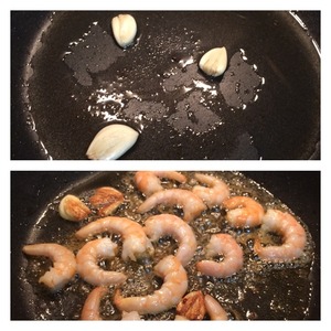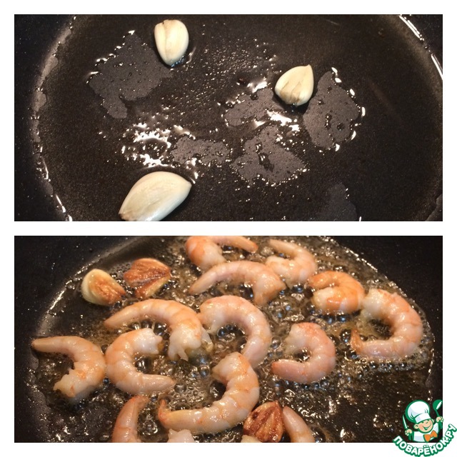 • На этой же сковороде обжарить сначала раздавленные зубчики чеснока, затем очищенные креветки, убрав чеснок, буквально 1 минуту.
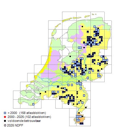 Het voor waarnemingsinspanning gecorrigeerde, of door een expert geschatte aantal atlasblokken (5x5 km) waarin de soort voorkomt per periode van tien jaar. Soms fluctueert het aantal sterk. Hoe vloeiender de lijn, des te betrouwbaarder de grafiek. Bron: Rode Lijst Mossen 2010. © BLWG 2011
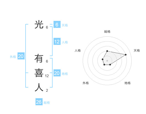 光 有喜人さんの総格は26画の2点!
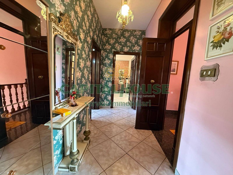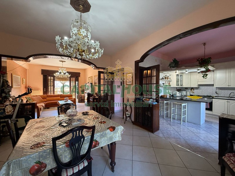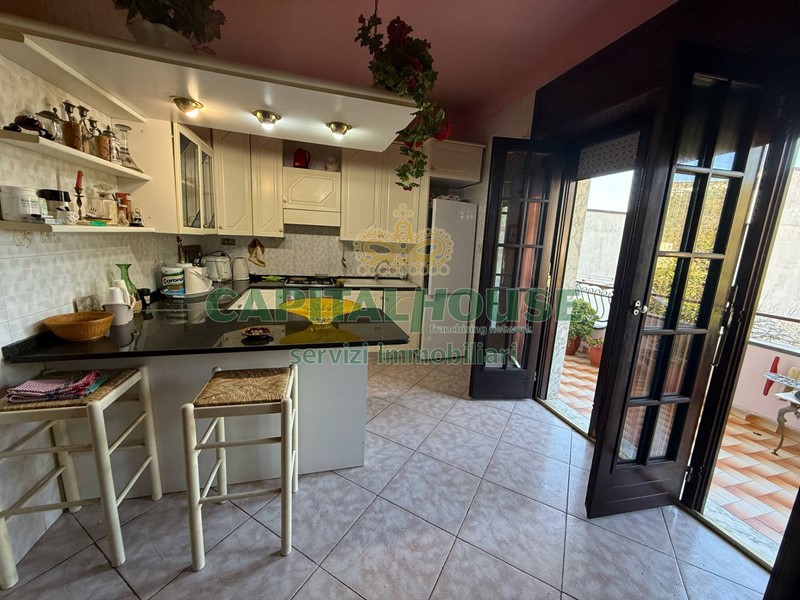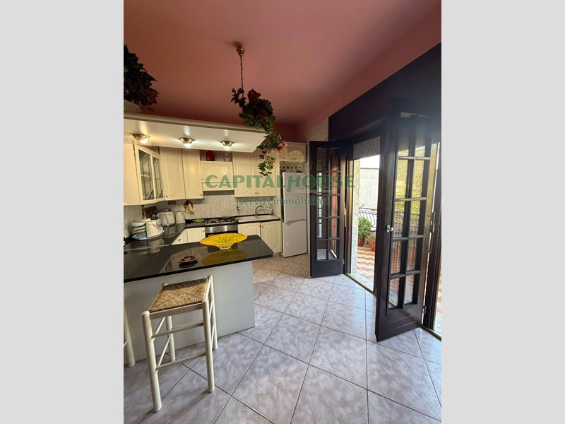 L'appartamento al piano primo, di 130mq, è composto da: ingresso, Cucina a vista su ampio salone living, soggiorno con camino, ideale anche come camera matrimoniale o studio professionale, camera da letto, camera matrimoniale, ripostiglio, e ampio bagno, il quale è stato creato dall'Unione di due bagni;
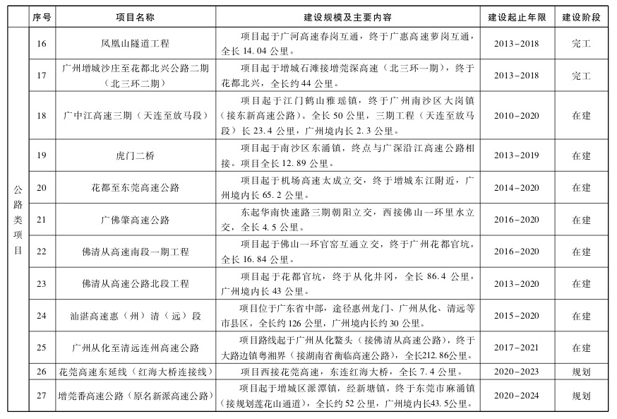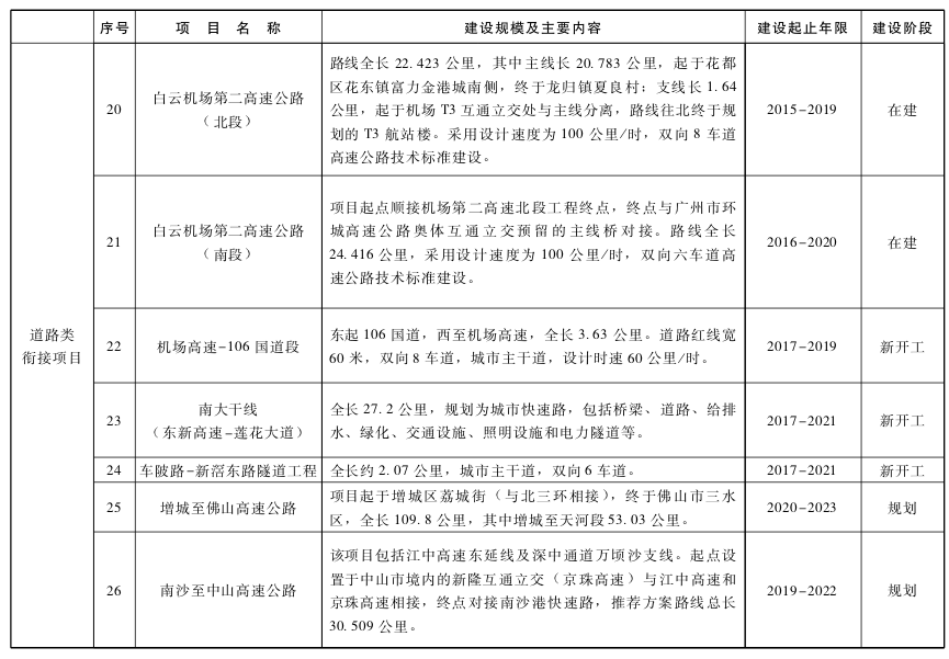佛山方面,加快建設(shè)珠江大橋放射線接廣佛新干線、欖核鎮(zhèn)西向公路延長(zhǎng)線、廣佛肇高速,加快推進(jìn)五丫口大橋大中修工程,規(guī)劃建設(shè)增佛高速、建設(shè)大道接大坦沙大橋工程、沉香沙大橋,盡快啟動(dòng)S118黃村至大渦段拓寬改造工程等項(xiàng)目。惠州方面,繼續(xù)推進(jìn)從莞高速惠州段和汕湛高速惠州至清遠(yuǎn)段,規(guī)劃研究花莞高速東延線等項(xiàng)目。東莞方面,加快建設(shè)虎門二橋,深化研究增莞番高速與東莞路網(wǎng)銜接工作,規(guī)劃建設(shè)蓮花山過江隧道、新槎大橋等項(xiàng)目。中山方面,繼續(xù)加快建設(shè)廣中江高速,規(guī)劃研究南沙至中山高速及S111南沙段改造工程等項(xiàng)目。清遠(yuǎn)方面,配合推進(jìn)佛清從高速北段、東環(huán)快速路南延至樂廣高速王子山出入口、廣連高速花都至連州段等項(xiàng)目。
* * * * *
=== Work task ===
Print every entry above verbatim but drop the images.

=== Reply ===
 • На этой же сковороде обжарить сначала раздавленные зубчики чеснока, затем очищенные креветки, убрав чеснок, буквально 1 минуту.
 Het voor waarnemingsinspanning gecorrigeerde, of door een expert geschatte aantal atlasblokken (5x5 km) waarin de soort voorkomt per periode van tien jaar. Soms fluctueert het aantal sterk. Hoe vloeiender de lijn, des te betrouwbaarder de grafiek. Bron: Rode Lijst Mossen 2010. © BLWG 2011
 光 有喜人さんの総格は26画の2点!
 L'appartamento al piano primo, di 130mq, è composto da: ingresso, Cucina a vista su ampio salone living, soggiorno con camino, ideale anche come camera matrimoniale o studio professionale, camera da letto, camera matrimoniale, ripostiglio, e ampio bagno, il quale è stato creato dall'Unione di due bagni;
佛山方面,加快建設(shè)珠江大橋放射線接廣佛新干線、欖核鎮(zhèn)西向公路延長(zhǎng)線、廣佛肇高速,加快推進(jìn)五丫口大橋大中修工程,規(guī)劃建設(shè)增佛高速、建設(shè)大道接大坦沙大橋工程、沉香沙大橋,盡快啟動(dòng)S118黃村至大渦段拓寬改造工程等項(xiàng)目。惠州方面,繼續(xù)推進(jìn)從莞高速惠州段和汕湛高速惠州至清遠(yuǎn)段,規(guī)劃研究花莞高速東延線等項(xiàng)目。東莞方面,加快建設(shè)虎門二橋,深化研究增莞番高速與東莞路網(wǎng)銜接工作,規(guī)劃建設(shè)蓮花山過江隧道、新槎大橋等項(xiàng)目。中山方面,繼續(xù)加快建設(shè)廣中江高速,規(guī)劃研究南沙至中山高速及S111南沙段改造工程等項(xiàng)目。清遠(yuǎn)方面,配合推進(jìn)佛清從高速北段、東環(huán)快速路南延至樂廣高速王子山出入口、廣連高速花都至連州段等項(xiàng)目。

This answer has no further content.